Oh man, the memories. It was such a revelation discovering how much faster it was to POKE pixels directly into memory in QB rather than use the PSET built-in. And then much of that knowledge was directly transferable to Turbo Pascal and later C.
it really boggled the mind that it was possible to blt a sprite in rows rather than a pixel at a time, and under the hood, the computer was actually copying 4 bytes per instruction. Anyone else remember implementing the 320 row offset as the sum of two bit shifts? By the early 2000s, I seriously doubt that was any faster, but we all did it anyway for "performance".
And don't even get me started on palette hacks— redefining the 256 colors into bars of dark-to-light runs of a single colour, so that you could do smoke or halo effects by just shifting every affected pixel by one or two in either direction.
I don't know if he's around these days on HN, but a shout-out to Mark Sibly (Blitz) for bringing a lot of this stuff to the QBasicNews forum back in the day.
But you are also right that it is not a huge difference :) In no-optimization mode, it keeps the imul in for Multiply. the result is 1.2477 vs. 1.2668, relative to Noop.
The site is really cool, thanks for pointing me to it!
Interestingly, gcc-8 does some really weird stuff. Its version of Multiply is 1.4 times slower than its version of Shift, but according to the disassembly, the Shift implementation is actually using an imul, whereas the Multiply implementation is doing a lea/shl.

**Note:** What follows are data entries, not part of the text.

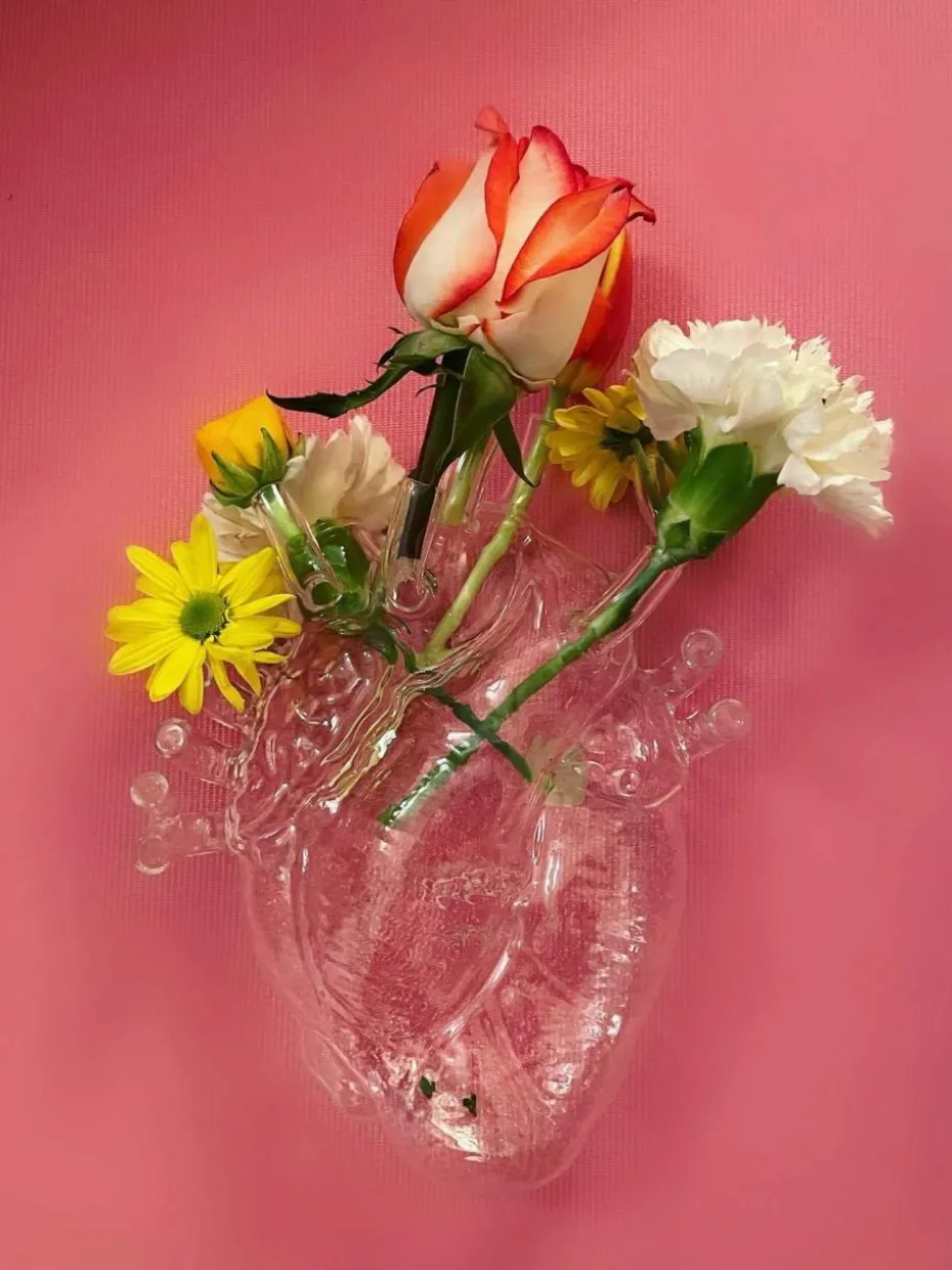LOVE IN BLOOM ist eine herzförmige Vase, die aussieht, als käme sie aus einem Aufsatz über menschliche Anatomie. Eine moderne Liebe, übersetzt in ein romantisches, aber unvorhersehbares Geschenk. Es ist kein Traum, es ist die blühende Liebe. Es ist nicht der Frühling, es ist die blühende Liebe.
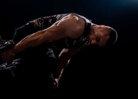 Handsome power athletic man in training pumping up muscles with dumbbells
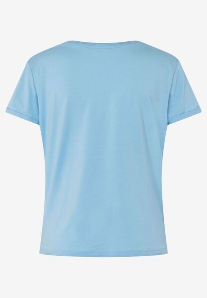 Das feminine T-Shirt von MORE & MORE mit V-Ausschnitt und kleinem Ärmelaufschlag ist ein toller Allrounder der sich vielseitig kombinieren lässt.
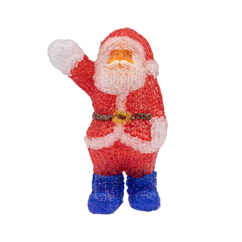 Акриловая светодиодная фигура «Санта Клаус приветствует» высотой 30 см станет прекрасным украшением интерьера, уличной площадки и поможет разнообразить привычное окружение. Светящаяся фигура выполнена из прочного акрила с фактурной поверхностью. 40 ярких диодов излучают белый свет нейтрального оттенка, красиво обрамляя контур и создавая эффект объема. Понижающий трансформатор, идущий в комплекте, адаптирует изделие к стандартной электрической сети с напряжением 230 Вольт. Защита IP65 предполагает использование светодиодной фигуры как в помещениях, так и на улице.
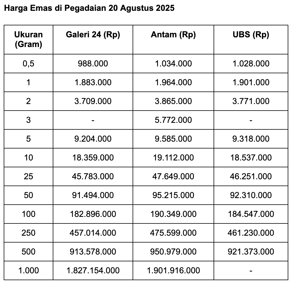 Pegadaian adalah salah satu anak usaha PT Bank Rakyat Indonesia (Persero) Tbk (BBRI). Berikut perkembangan harga emas di Pegadaian selengkapnya, seperti dilansir situs Sahabat Pegadaian:

Brought a smile to my face. I see this as a shibboleth for the oldschool coders.
For those missing the joke, that's the assembly language commands to switch to VGA mode from DOS. Set AX register to 13 hex and call interrupt 10. That gives us VGA graphics mode 320x200 pixels!

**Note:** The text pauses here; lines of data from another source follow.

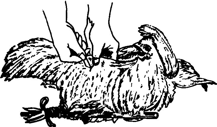 图5 套取鸡睾丸的方法 在摘除公鸡睾丸时, 睾丸套应用左手拇指、中指和食指夹稳, 将睾丸套住后,睾丸套头应接近睾尾,并稳住不动, 随即以无名指和小指将棕丝向上提动, 使套收紧,睾丸即落入勺中, 然后将睾丸和勺一起取出,以免睾丸落入腹腔 (图6)。睾丸摘除后, 即可整理切口。 切口如有体腔膜粘附, 应送回腹腔, 也可将多余的腹膜剪去一小块。切口一般不缝合。松开交扭翅膀,解除保定, 让公鸡安静休息。 注意事项 ❶为了顺利摘除睾丸, 对与睾丸相连系的被膜, 应一一加以分离, 方能使棕丝贴紧睾丸根部。 ❷手术中不能损伤脊柱下的大血管。如手术中或摘除睾丸后有局部出血时, 可立即用勺盛冷水压迫出血处片刻, 并取出血凝块, 以免引起内脏粘连。大公鸡在阉割前, 可喂几勺冷水。 ❸摘除睾丸时, 务必保持睾丸完整, 不能弄碎。 ❹术后宜单独喂养, 并注意创口有无气肿出现, 若有, 应放气。
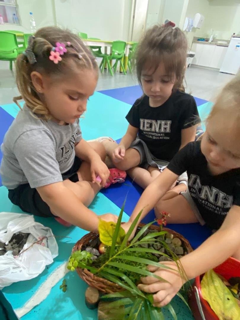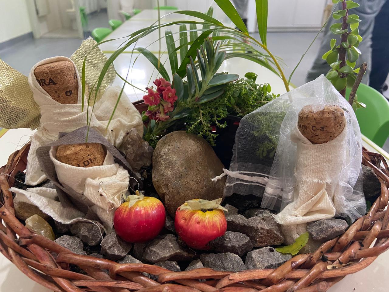 Como parte das vivências, a turma construiu coletivamente um Jardim da Ressurreição, utilizando elementos naturais como terra, pedras e plantas. A atividade estimulou a expressão criativa, o contato com a natureza e a compreensão de ciclos da vida.
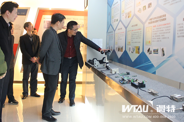 在微特電子展廳示,微特公司創始人聶道靜向各位領導詳細介紹了微特十五年成長轉型大事件。經過十五年的創業發展,微特公司成長為國家高新技術企業,湖北省“雙軟”企業, 全國起重機械標準化技術委員會會員單位,參與4項國標起草并承辦多次國標會議。
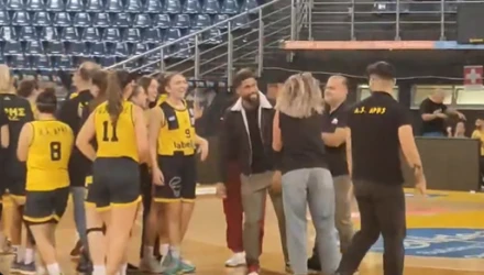 Έγινε ένα με τη γυναικεία ομάδα και στήριξε την προσπάθειά της, πανηγυρίζοντας τη νίκη κόντρα στη ΜΕΝΤ.

Related: In the 1990s Michael Abrash via Dr. Dobbs Magazine, introduced the world to "Mode X" @ 320x240, which had the advantage of square pixels. That series of articles was responsible for my long-standing subscriptions to Dr Dobbs Journal.
320x240 was one of the benefits, but the more important part was that it allowed you to use all the memory, double buffer, use split screens (for HUDs) etc.
Addressing became more complicated, though. (And IIRC, Doom ran in 320x200 Mode X, for some design/monitor reasons)
Along with this interesting explanation https://meatfighter.com/puls/ of what's happening with the "binary-search" raytracing, lattice-effect, and tricks to make it fit in 256b.
I share the same feelings with you and all the people that replied. That's why some days ago I started a set of single-file libraries for opening a window and pushing pixels in the same fashion: by writing directly to memory (to a RGB or Indexed (256 palette) frame buffer).
The goal is to have multiple implementations, in different languages and OSs. For example, right now I wrote (partial or full) support (in C) to:
PNG, windows GDI, linux X11, linux OpenGL, linux Framebuffer and Javascript Canvas
A starting point... after which the countless "out_port" incantations begin.
All just to get to unchained mode (aka Mode-X) with hardware scrolling & split screen, 256 kB VRAM, VGA latch fills and VRAM to VRAM latch blitting. It was amazing to be able to set or copy four 256 color pixels by writing just a single byte.
Of course VGA latch blitting didn't make any sense on 486s, but on 8088 it could be almost 4x performance boost — 256 colors with similar CPU load as CGA's 4 colors! At least as long as you needed to blit something to an x-coordinate that's divisible by 4...